Al día siguiente, Rosana y Sara salieron de la habitación, ambas evitando mirarse.
Pero Dionisio y Javier estaban de mejor humor, intercambiaron una mirada cómplice sin decir palabra.
Después de desayunar, Dionisio le dijo a Rosana: -Hoy en la noche vamos al club, reservaré el lugar con anticipación, iremos juntos.
Hablando de asuntos serios, Rosana se puso seria: -De acuerdo, más tarde contactaré a la familia Lines.
Justo cuando se estaban preparando para salir, Dionisio recibió una llamada urgente del trabajo que tenía que atender.
Javier miró a Dionisio: -Dame las llaves del carro, yo me encargo.
Mientras Dionisio le pasaba las llaves a Javier, no pudo evitar pensar en la apuesta de la noche anterior, ¿por qué sentía que ya había perdido?
Este cuate, después de tantos años en el extranjero, había aprendido a jugar con astucia.
Javier fingió no notar la mirada de Dionisio, y se giró para llevar a Rosana y Sara a la escuela.
En el asiento trasero, Rosana miró al conductor: -Tengo una pregunta.
Javier echó un vistazo al espejo retrovisor antes de responder: -Pregunta lo que quieras.
-Con lo que vales, si trabajaras como guardaespaldas, ¿cobrarías mucho?
Al escuchar la pregunta, Sara se quedó sin aliento: -Yo soy una chica con dinero, puedo pagar.
Sara había mencionado a Javier sobre ser guardaespaldas, pero nunca discutieron sobre el
pago.
Javier no se molestó, simplemente respondió perezosamente.
Rosana observó la actitud de Javier y dedujo que Dionisio no se equivocaba, Javier realmente sentía algo por Sara.

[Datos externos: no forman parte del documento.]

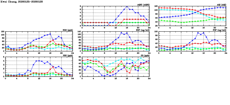 | Air Quality Data Time Series in Kwai Chung (2026/01/28) | ( Line colors: Day -3 Day -2 Day -1 Current day ) | 2D Map Current AQHI |
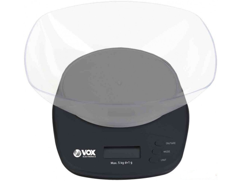 Максимальна вага: 5 кг, РК-екран, одиниці виміру: грами, кілограми, фунти, унції, чаша: знімна, корпус: пластик, точність вимірювання: 1 г, функція тарування, індикація перевантаження і низького заряду батарей, підсвітка екрану, живлення: 2 батарейки типу ААА (у комплект не входять)

Estaba claro que su regreso no era solamente por negocios.
Con eso en mente, Rosana decidió no seguir preguntando.
El carro se detuvo al costado de la calle.
Justo cuando Rosana y Sara estaban por bajar, Javier salió primero y se paró junto a la puerta.
Rosana lo míró: -¿Qué pasa?
Javier observó el carro que se acercaba, su voz se volvió seria: -Alguien viene.